SILENT LANGUAGE

CURATORIAL ESSAY

There is a strange familiarity to the forms in Arran Russell’s works. Like the shape shifting qualities of a dream, the elements of Russell’s visual vocabulary have given their foundations the slip and drifted into new formations.

The shapes in these works have been floating in Russell’s subconscious for many years now, the recognition they trigger coming from their origin as garment patterns. For Russell, his past occupation in the design and fashion industries meant years of working with these shapes, through the medium of textiles. This work often took place outside of Australia, where the only vocabulary the artist shared with his colleagues and collaborators was contained in the forms laid out before them. Originally flat, strange pieces, the artist recalls often finding these shapes alien and wondering how they would result in a wearable garment, despite repeating the process successfully countless times. Here, these cut-out shapes have kept their perplexing, prone characters, floating, nudging, and nestling themselves into new, abstracted compositions. Like Russell and his fellow garment creators, as viewers we find a shared language in these works. Flat, geometric curves cutting through two dimensions, eventually destined to come together to create, seemingly miraculously, a garment that fits and moves with the human body.

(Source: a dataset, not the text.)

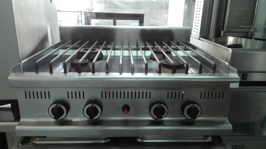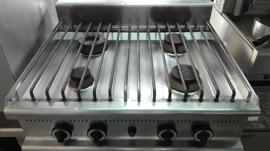 Διαθέτει ανοξείδωτη σχάρα επάνω από τις εστίες, διευκολύνοντας έτσι την εύκολη μετακίνηση μεγάλων σκευών από τη μία εστία στην άλλη, καθώς και τη δυνατότητα χρήσης μικρού ή μεγάλου σκεύους.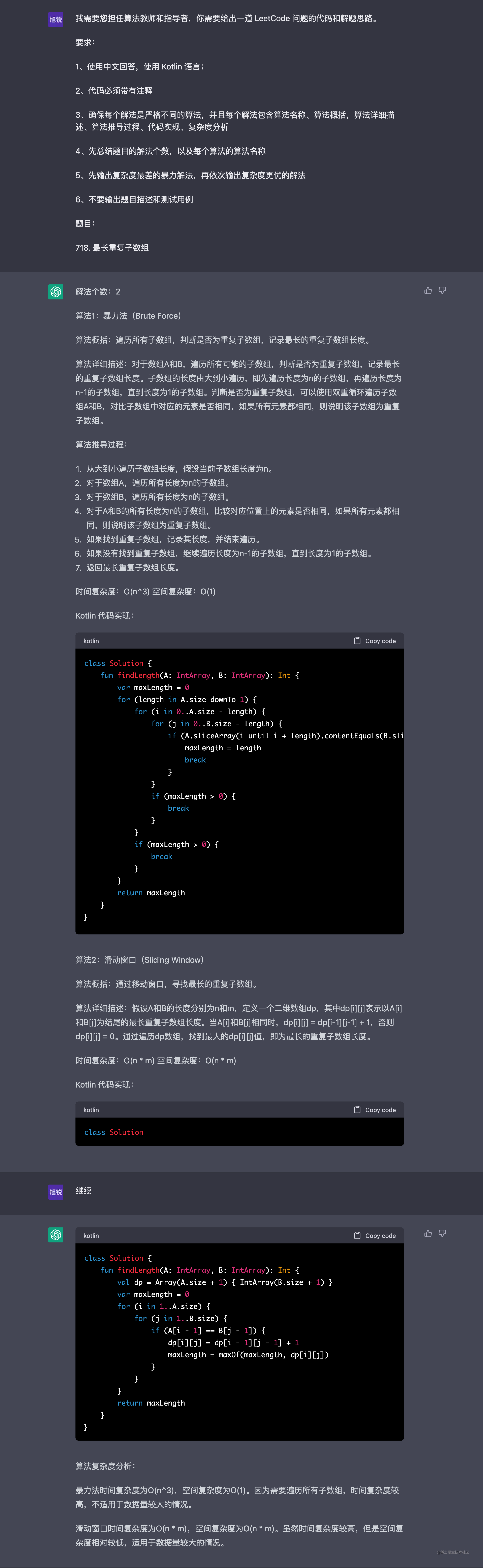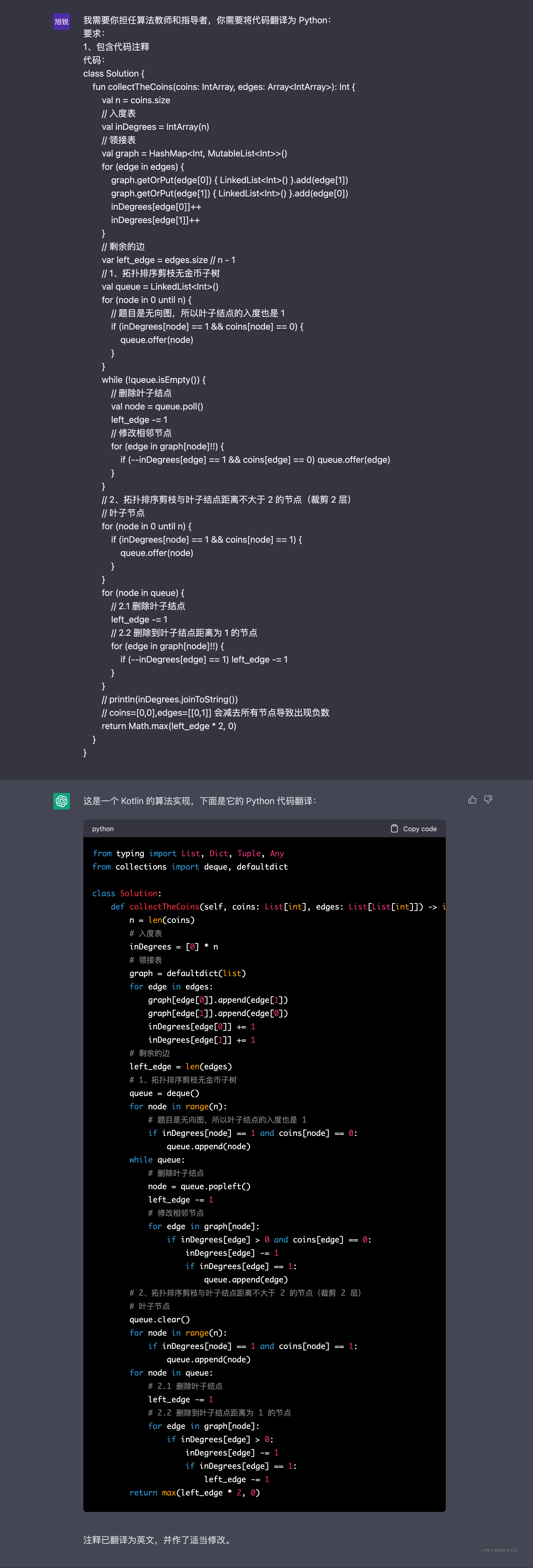 有些题解只会提供一种语言或少部分语言的代码,比如 我的题解 一般只有 Java / Kotlin 语言,可以让 ChatGPT 翻译:

The visual simplicity of Russell’s works allows space for a wealth of cultural references to resonate. The lines of the quintessential Australian singlet, often visible through a thin white business shirt or worn proudly as no-nonsense outerwear, intersects with the minimalism of Kazimir Malevich’s equally iconic Black Square. In bringing together these two seemingly disparate visual heavyweights, Russell raises questions around what we come to value in our culture, and why these symbols continue to resonate across time.

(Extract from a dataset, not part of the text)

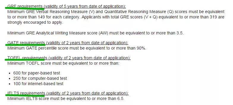 3、所有海外大学的申请者都必须提供GRE和托福成绩。 来自印度的申请人可以使用GATE取代GRE,雅思可用于代替托福。

While Russell’s art practice speaks to painting, sculpture and printmaking, there is a mix-and-match approach in the way he employs surface and support. Avoiding the use of the paintbrush and the precise, repetitive motions it encourages, Russell instead prefers printmaking tools such as squeegees and spatulas, familiar from the artist’s time spent screen printing textiles, to push heavy-duty materials like black oil paint, tar and lead across the surface of his sculptural reliefs. The resulting texture evokes asphalt roads, polished metals, squeaky blackboards, or charcoaled timber. In a series of white-coloured works, the use of Kaolin powder layered with oil and acrylic paints creates the soft, chalky effect of unfired clay on the work’s surface, absorbing light. The resulting textures are gritty, permeable and uneven, suggesting a building-up and wearing-down through layers of time. This sits in contrast to the clean, repetitive cutting of new textile which is the basis for the works’ forms.  

Russell’s works may appear abstract and inorganic, however they remain intrinsically linked to the human body through their garment origins. And once these finished garments are picked up off a rack and taken home, the who, what, why, how and where of their wearing becomes their identity. The titles of the works in Silent language, such as Pumpin’ iron and Adho Mukha Vrksasana, hint at this notion.

Like a gesture performed through muscle memory, the forms in these works emerge from a place of subconscious recollection. Familiar yet abstract, reiterated yet unique, Russell harnesses a hidden language of shapes, conjuring a well-worn vocabulary into new expressions.